New York Times da “Paris Yanarken” başlıklı yorumunda eleştiri oklarını Fransa başbakanı Dominique de Villepin ile içişleri bakanı Nicolas Sarkozy’ye yöneltiyor. Yapılan yorumda, Fransız politikacıların sınıfsız bir toplum yaratıldığı varsayımıyla hareket ettiği ve bu nedenle olaylar karşısında hazırlıksız yakalandığı öne sürülüyor.

"Paris ve diğer Fransız şehirlerinin varoşlarını hızla etkisi altına alan olaylar kadar, Cumhurbaşkanı Jak Chirac ve bakanlarının yetersizliği de şaşırtıcı oldu. Ne yapacakları ve kimi muhatap alacakları konusunda hiçbir fikirleri olmadığı izlenimi doğurdular. Bu çırpınmaları da yaşanan olayların kökenindeki sorunları gözler önüne serdi; göçmenlerin topluma kazanılması konusunda başarısız bir politika ve bugünün yakıcı sorunlarına çözüm bulmaktan çok iki yıl sonra yapılacak cumhurbaşkanlığı seçimleriyle ilgilenen siyasetçiler ve bakanlar."

USA Today, İsrail ve Amerikan karşıtı açıklamalarıyla dikkatleri üzerine çeken İran Cumhurbaşkanı Mahmud Ahmedinecad’ın, Humeyni tarzı sertlik politikası izlediği yorumunda bulunuyor. Ahmedinecad’ın tavrının ülke içinde de tepkilere yol açtığını belirten gazete, bu tepkilerin desteklenmesi gerektiği görüşüne yer veriyor.

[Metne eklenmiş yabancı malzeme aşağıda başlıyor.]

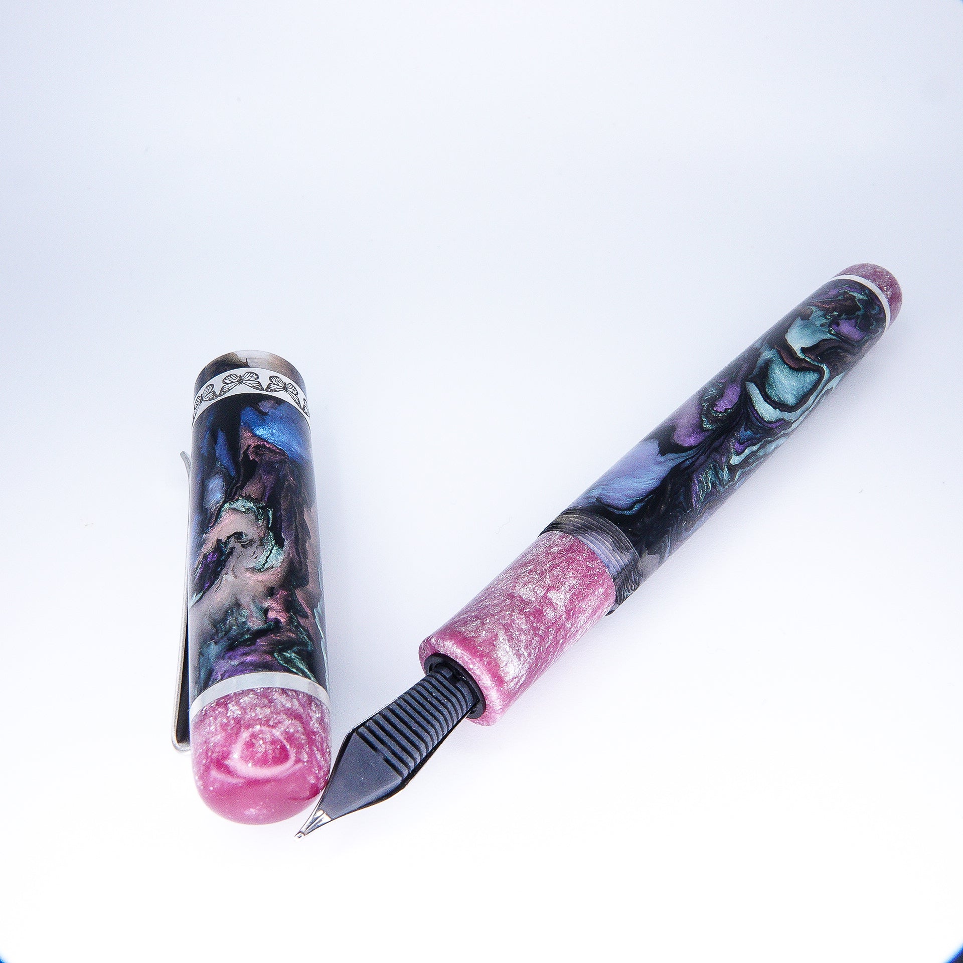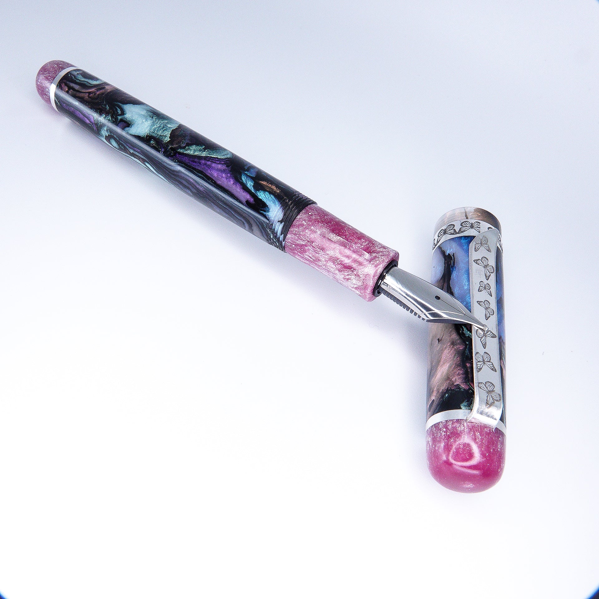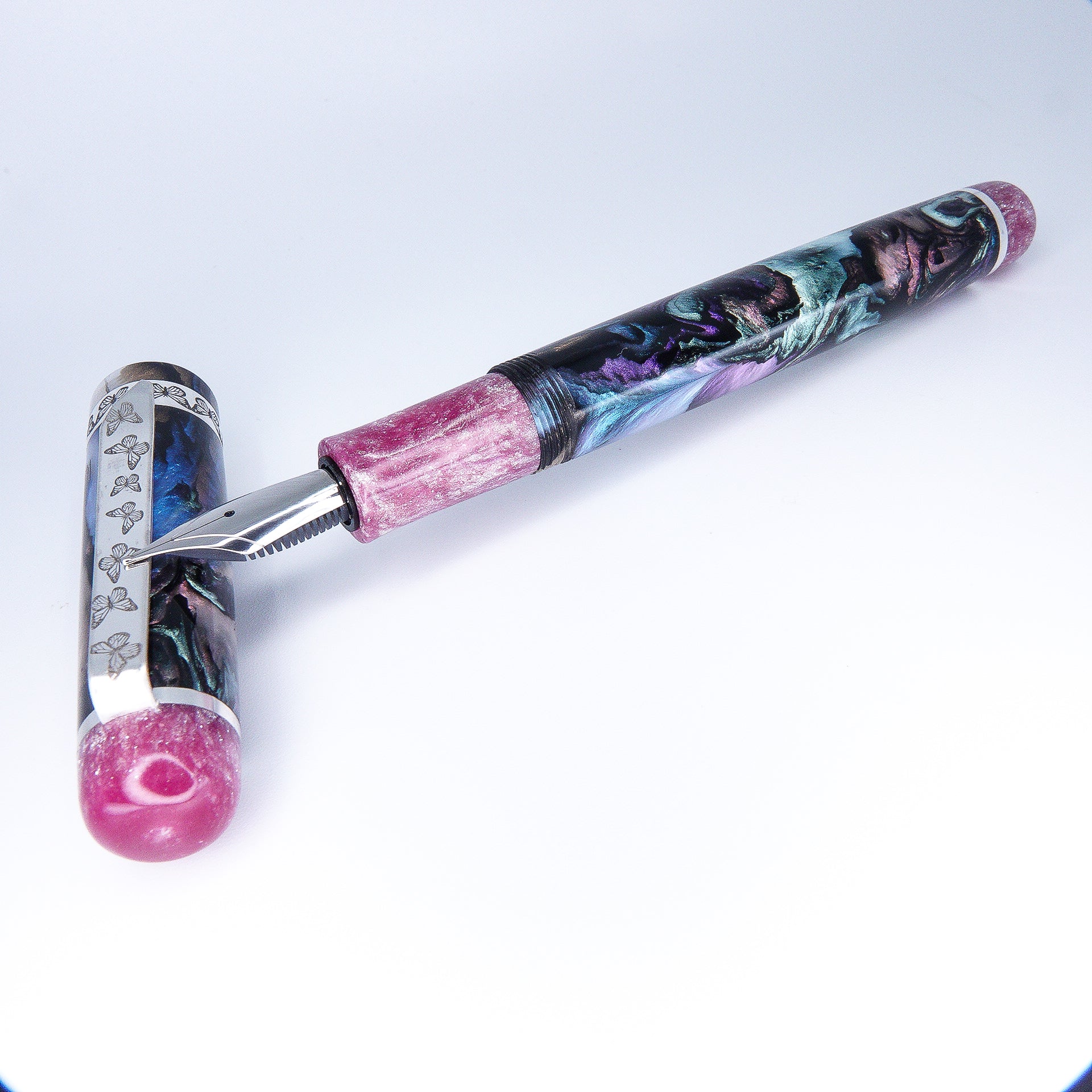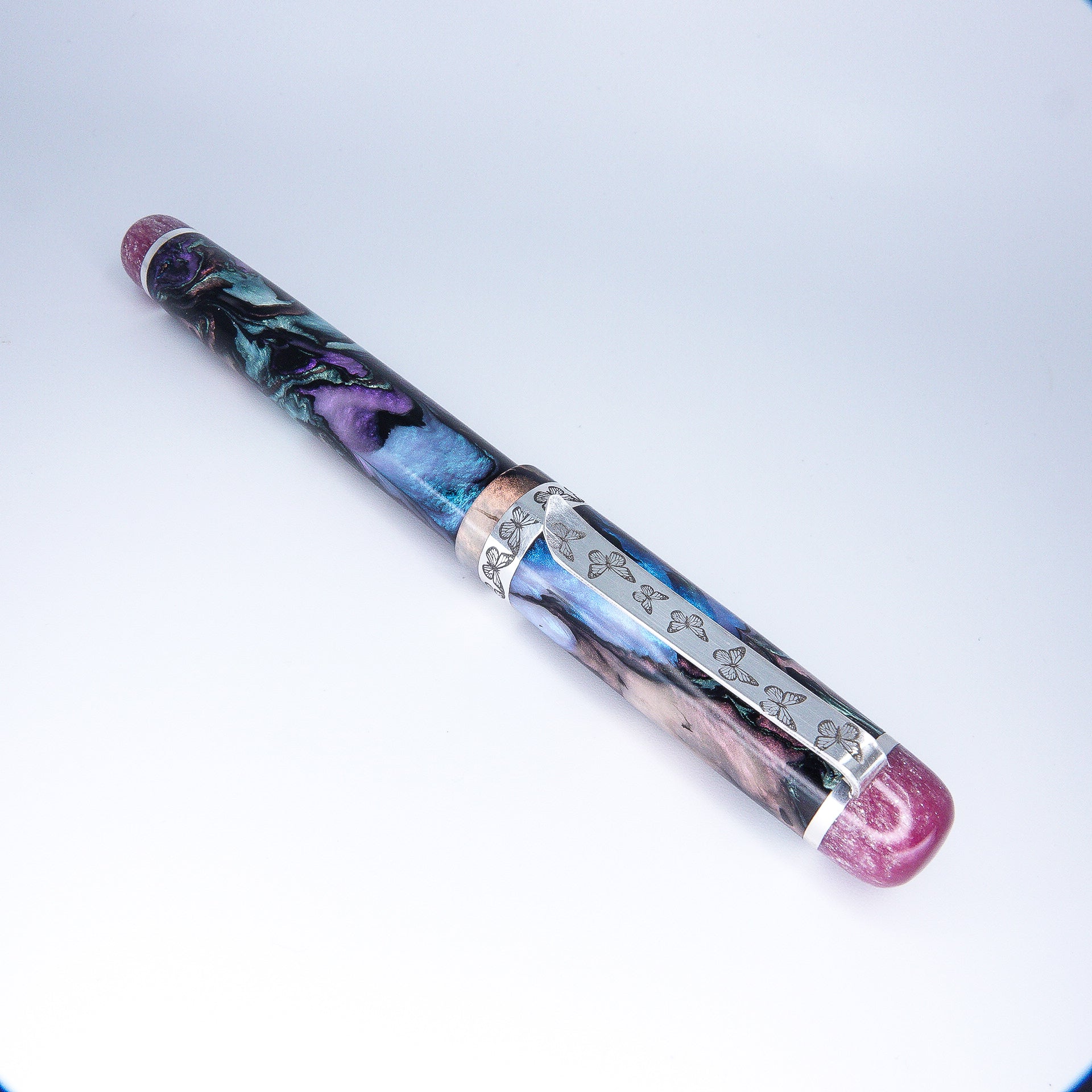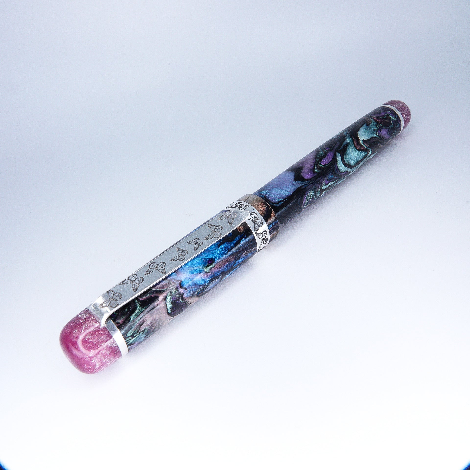 Papillon Silver Series from Silverburlpens is a totally hand crafted pen, made from material created by the Carolina pen co, It is fitted with a polished steel Jowo nib size 6, and comes with any nib tip size and Schmidt K5 ink converter. Other nibs are available upon request.

"Irak’taki Amerikan askeri varlığı ve nükleer programı konusunda Tahran hükümetine yapılan uluslararası baskı, İran’da tepkiye yol açtı. Bu faktörler, İran’da iç tartışmaların durmasına neden oldu. Ancak buna rağmen demokrasi özlemi hala kendisini hissettiriyor ve bu özlem zaman içinde daha da artabilir. Yeni cumhurbaşkanının sert açıklamalarına yönelik tepkiler, İran’da daha güçlü bir tartışma ortamı yaratılmasına katkıda bulunabilir."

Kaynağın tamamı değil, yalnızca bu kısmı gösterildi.